Energy And Equity Markets Are Pointing Sharply Lower This Morning
So much for that rally. Energy and equity markets are pointing sharply lower this morning, after Tuesday’s big rally ran out of steam in the afternoon. For refined products, 15 cent morning gains were largely wiped out heading into Tuesday’s close, an ominous technical signal that encouraged more follow through selling overnight. For stocks, those that suggested Tuesday’s rally was a dead cat bounce are looking like they know what they’re talking about (for now) as the world continues to try and figure out what happens when we stop giving money away for free.
The US President is expected to call on congress to suspend federal gasoline & diesel taxes for 3 months today, and ask states to provide similar relief on their own taxes. If congress agrees on this plan (which seems almost comical) and the states follow suit, the average retail fuel price could drop by around 50 cents/gallon, which is a meaningful amount for consumers. That (theoretical) price drop could help spur demand, which given the tight supply situation may actually lead to higher prices later in the year than if they allowed high prices to heal themselves as they tend to do.
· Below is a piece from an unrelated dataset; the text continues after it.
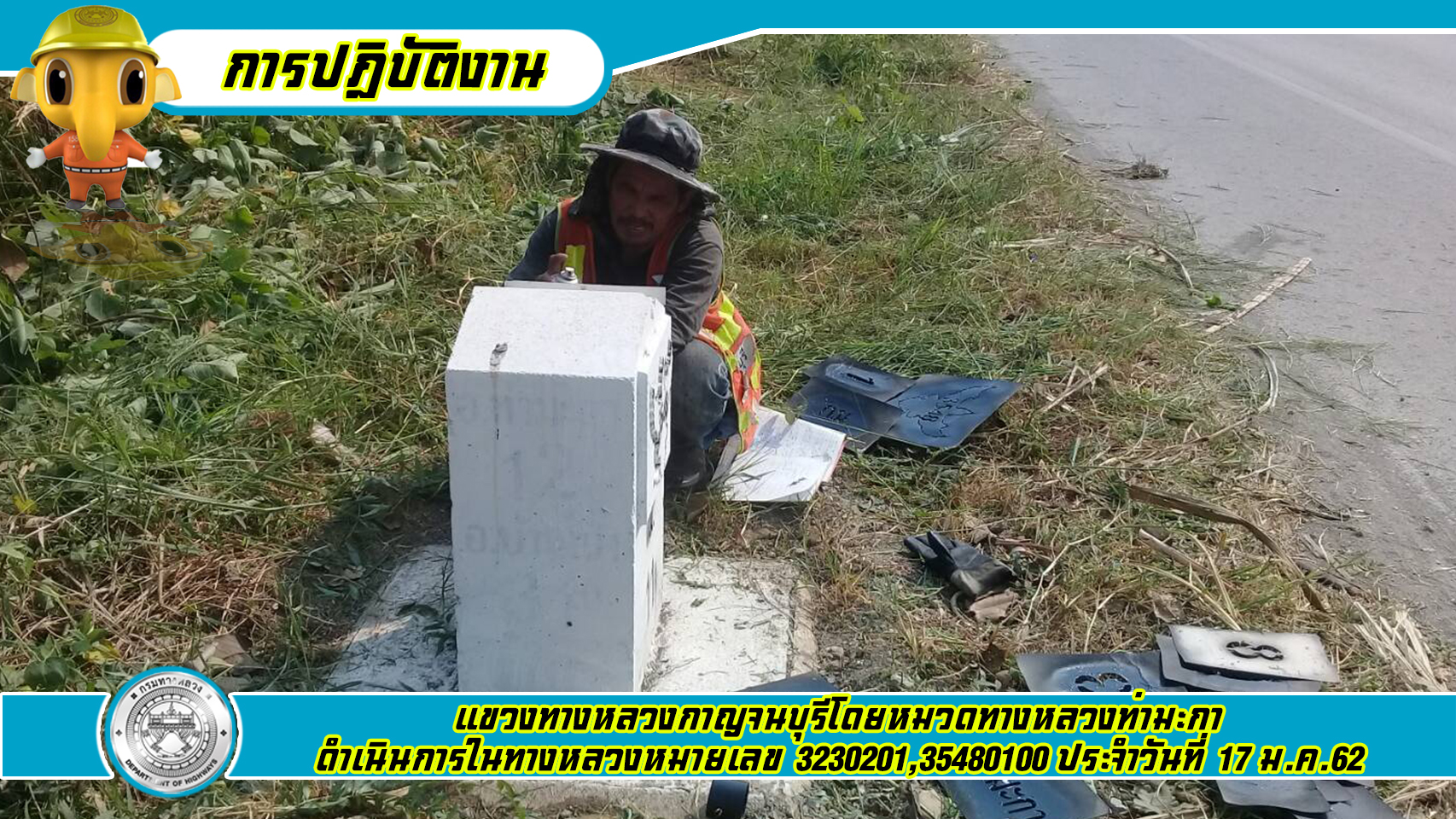 แขวงทางหลวงกาญจนบุรีโดยหมวดทางหลวงท่ามะกา ดำเนินการในทางหลวงหมายเลข 3230201,35480100 17/01/62

The IEA’s head warned that Russia could cut off natural gas supplies to Europe completely this winter, when that supply is most needed, in an effort to continue using the energy weapon to win the war in Ukraine. Those remarks coincided with the agency’s World Energy Investment report, which highlighted a record amount of spending on renewable fuels in 2022, while stating that the amount is still not nearly enough to reach the climate pledge goals around the world. The report also noted the near record refinery capacity retirement over the past 2 years and the impact it’s having on global supply/demand balances.
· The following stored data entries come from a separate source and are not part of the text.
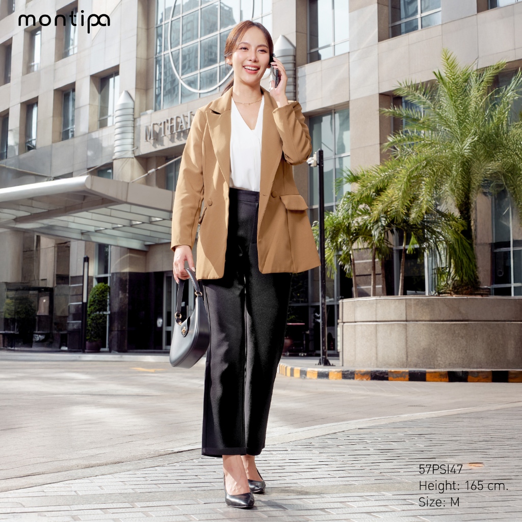 Montipa กางเกงทรงสอบ แต่งจีบหน้าและยางยืดด้านหลัง ผ้า Iron Free 57PSI47
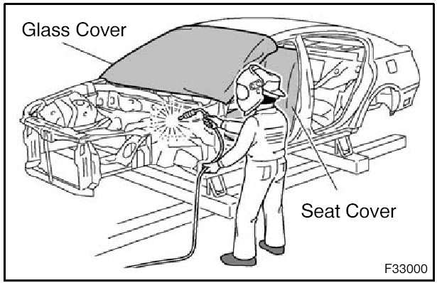 1. When welding, cover glass, seats, carpets, etc. with heat resistant fireproof covers to protect them.
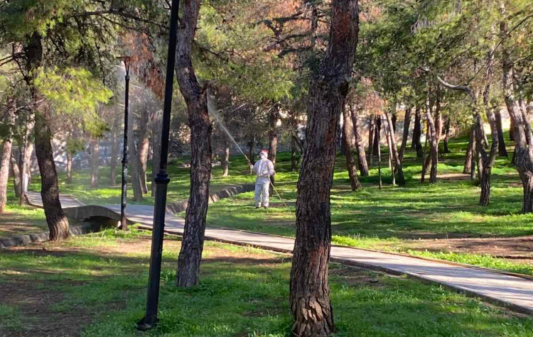 Οι εργασίες εκτελούνται στο πλαίσιο της προσπάθειας του Δήμου για την προστασία των πεύκων της πόλης από τις κάμπιες και τις βλαβερές, για τα δέντρα, συνέπειες από την ανάπτυξη αυτών.
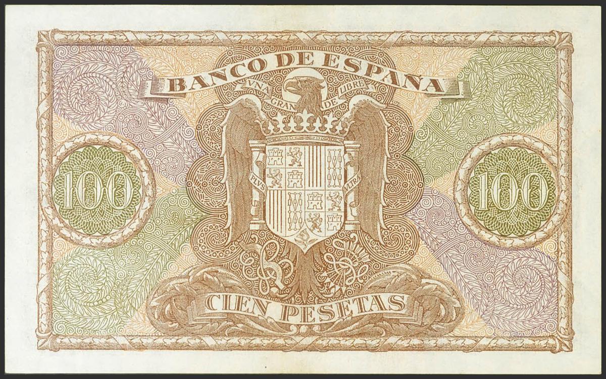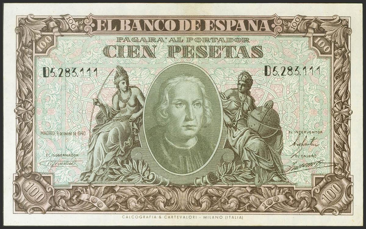 100 Pesetas. 9 de Enero de 1940. Serie D. (Edifil 2021: 438a, Pick: 118a). Conserva gran parte de su apresto original. EBC+.
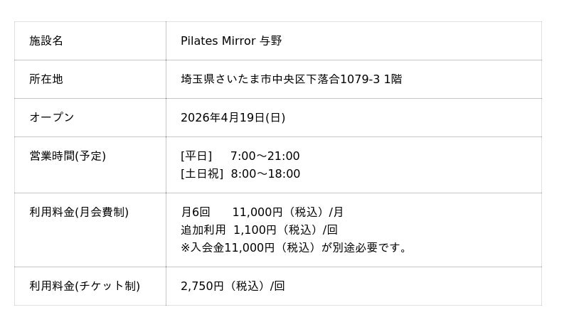 コナミスポーツ株式会社(以下、「弊社」)は、天井にミラーを設置したマシンピラティススタジオ「Pilates Mirror 与野(埼玉県さいたま市)」を2026年4月19日(日)にオープンします。

A drone attack on a Russian refinery overnight was another reminder that it’s a lot easier to destroy a refinery than it is to build one, which is a big reason why there are no short term supply solutions to the current situation.
The Dallas FED released a study on high fuel prices Monday and highlighted the expected drop in demand they will bring later this year.
Pent-up demand for travel (particularly foreign travel) amid easing COVID-19 restrictions could be a reason U.S. fuel consumption remains sticky. This may provide only a temporary uplift through August, when the summer travel season winds down. At the same time, a proliferation of work-from-home options gives many workers the ability to reduce their commuting fuel use—which is roughly 30 percent of gasoline consumption—relative to pre-COVID-19 levels. All told, fuel prices may be closer to consumers’ pain threshold than inflation-adjusted prices might suggest. And if prices climb higher, expect consumers to respond by cutting back on fuel consumption and overall spending sooner than later.